Oft hör' ich die Bewunderer der großen Meister von diesem Künstler mit einer gewissen Verachtung sprechen, und jedesmal tut es mir weh, weil ich mich an seinen Gemälden oft so innig ergötzt habe. Ich gestehe, daß keine Heiligkeit, keine Größe um diese Gebilde eines fröhlichen Gemüts strahlt, daß keine Begeisterung, kein Streben nach dem Himmel aus dieser gemalten, leichten Tanzmusik spricht. Aber niemals habe ich so hart sein können, mich vor dem Lieblichsten aus unserm gewöhnlichen Leben zu verschließen, das Reizendste der Existenz von tausend und tausend Menschen nicht zu fühlen.

Denn so wie Raffael in der heiligen Geschichte waltet, wie er uns Engel und den Erlöser offenbart und seine himmlischen Entzückungen durch das sanfte Werk seiner Hände verkündet, wie ein Himmelodem und Gesang der Cherubim durch seine Dichtungen weht und klingt, so nahm dieser Künstler, dem Ohr und Geist für Himmelstöne verschlossen war, die gewöhnlichste Menschheit gern und liebevoll in sich auf.
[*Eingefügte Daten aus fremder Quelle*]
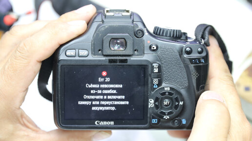 В фотоаппаратах Canon 550D ошибка 20 может возникнуть по двум причинам: механическое повреждение или фактический износ затвора. Негласно производитель заявляет, что ресурс затвора около сотни тысяч срабатываний. Но официально эти данные Canon не подтверждает и не озвучивает никакие цифры. Пользователи на личном опыте отмечают, что механизм исправно работает около 50 тысяч срабатываний – всё зависит от активности эксплуатации камеры. Если стандартная рекомендация не помогает (выключить камеру, извлечь и вставить аккумулятор), то следует обратиться в сервисный центр...
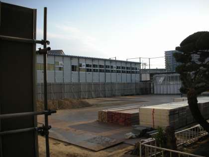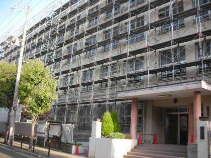 南館の壁面には、工事用の足場が高いところまで設置されました。視覚的にも工事が本格化してきたと思わせる光景ですね。
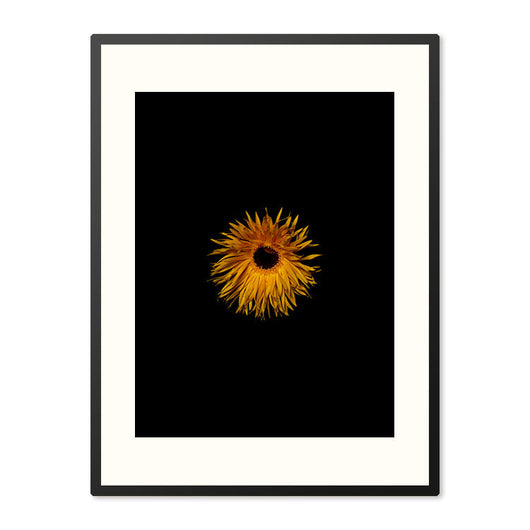 Deze hoogwaardige kunstposter toont een gedetailleerde foto van de strobloem (Helichrysum bracteatum), ook bekend als de immortelle. De bloem is vastgelegd in een professionele fotoruimte, waarbij het contrast tussen de levendige bloemblaadjes en de zwarte achtergrond de tijdloze schoonheid van de natuur benadrukt.

Man verzeihe mir, daß ich diese beiden Namen nebeneinander nenne. Soll es unerlaubt sein, die gewöhnlichen Ergötzungen, die heitern Stunden des frischen, sinnlichen Genusses, die zierlichen, leichten Gestalten aufzufassen und verschönert darzustellen? – Mich dünkt, der Geist des Menschen ist wunderbar reich, er umfaßt die Gegenstände, die an beiden Enden ruhn, mit seinen Armen ohne Anstrengung, das Getrennteste liegt immer nicht so fern, als wir im ersten Augenblicke wähnen.
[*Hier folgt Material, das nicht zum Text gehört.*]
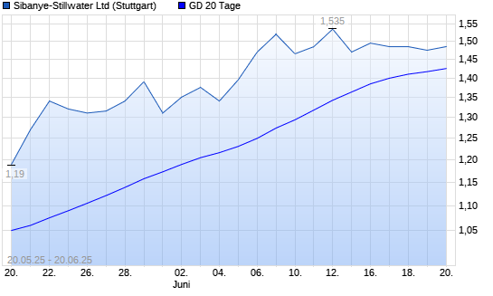 Mit dem Rücksetzer auf 1,40 EUR hat die Sibanye-Stillwater-Aktie am 19.06.2025 die 20-Tage-Linie nach unten gekreuzt.
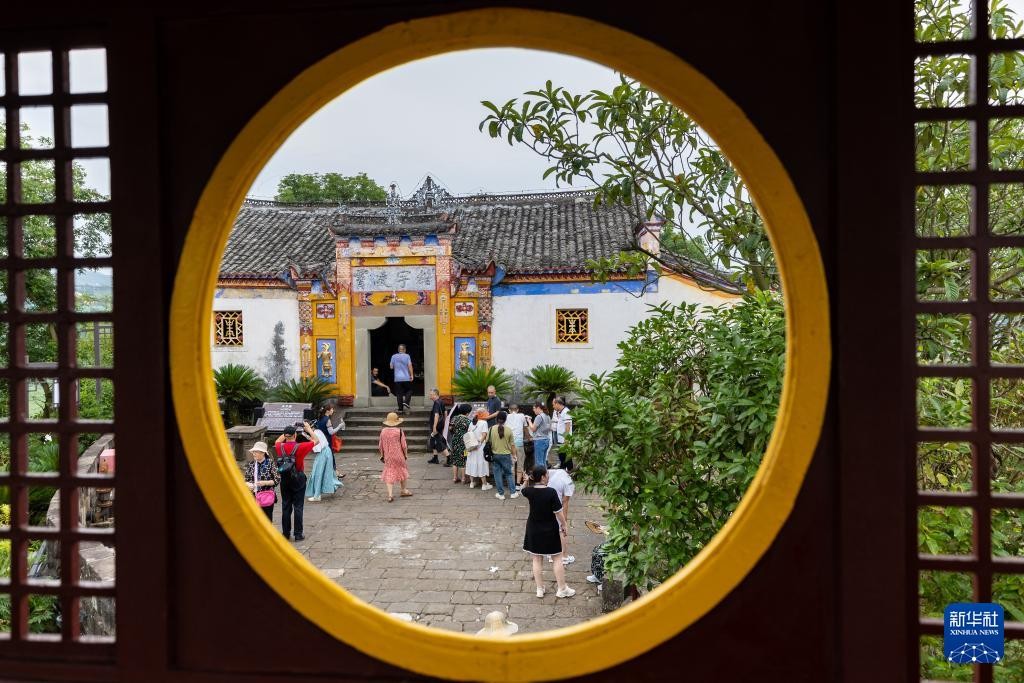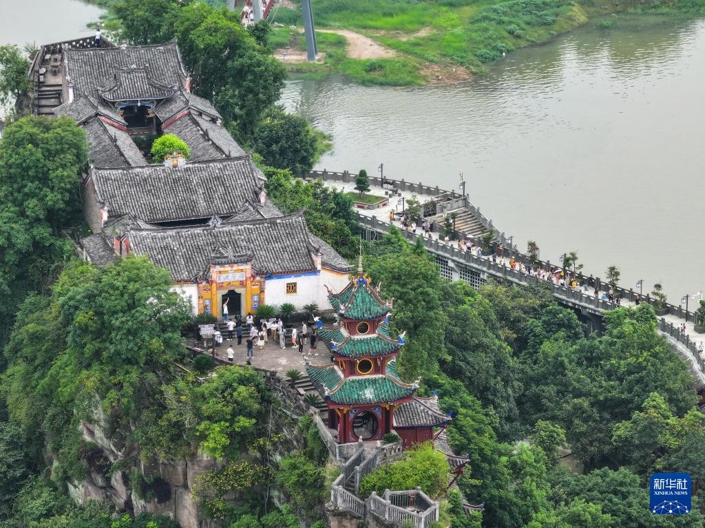 7月10日,游客在石宝寨景区内参观游览(无人机照片)。

So, geliebter Leser, dringen Klänge irdisch zu dir empor, wenn Tanzmusik deinen Fuß beflügelt, und du unwillkürlich und lächelnd den Tönen innerlich nachgehst, so führen sie dich in ein Land voll flüchtiger Gestalten, das dir ganz naheliegt, dann kommen froh durchlebte Augenblicke in dein Gemüt zurück, dann tritt vor Watteaus Gemälde.

Hier siehst du das trauliche Geschwätz der Liebe, die angenehmen Abenteuer, das Begegnen der glänzenden Augen. Bunte, flatternde Gewänder, tolle und possierliche Masken sind in allgemeiner Fröhlichkeit gesellt, das Seltsamste der Gestalten kühn unter die gewöhnlichen Figuren gemischt. Tänze drehen sich herum, eine angenehme Verwirrung nimmt den Blick gefangen. Dort horchen Liebende auf die Töne der Zither, die ein frischer Jüngling aus dem Instrumente lächelnd schlägt, abseits sitzen Schöne gleichgültig, vorüber wandeln im gleichgültigen Gespräch durch die Gartenschatten zwei schöne Männer: sie sehn nur eben nach den Mädchen hin. So wie im Leben sich Verbindungen leise knüpfen, sich unmerklich Vorfälle entwickeln, so auch hier; man glaubt in andern Blättern diejenigen verschlungen, in Armen verstrickt, wiederzufinden, die hier so gleichgültig nebeneinander vorübergehn.

In andern Geschichten sieht man des Mädchens und des Jünglings Sehnsucht, im dunkeln schönen Gebüsch lauscht die mutwillige Horcherin. Wagen mit geputzten Gestalten kommen, andre gehn zurück. Wirst du auch hier nicht die große magnetische Anziehung des Idealischen gewahr, so mußt du doch diese Bilder ebenso wie das wirkliche Leben achten und dich ihrer ebenso erfreun.

Sonderbar ist es mir immer vorgekommen, daß der Künstler, der diese Gebilde um sich herspringen und tanzen ließ, selber verdrossen und menschenfeindlich war. Er zog sich ganz in seine eigne Farbenwelt zurück, seine Phantasie ward heiter und fröhlich, so wie er den Pinsel ergriff. Ich habe ihm innerlich schon oft für seine Romanzen, für seine Tanzlieder Dank gesagt, für seine allerliebsten Weingesänge; ich habe oft nach Betrachtung seiner Gemälde die Regung des Lebens um mich lieblicher gefühlt. Aber aus größern Ursachen ist es auch wohl gut, wenn wir das Hohe der Kunst innigst fühlen, und mit dem Geiste des Erhabenen geläutert werden, zuweilen wieder durch lustige Geister in die nähere Umgebung rückgerufen zu sein.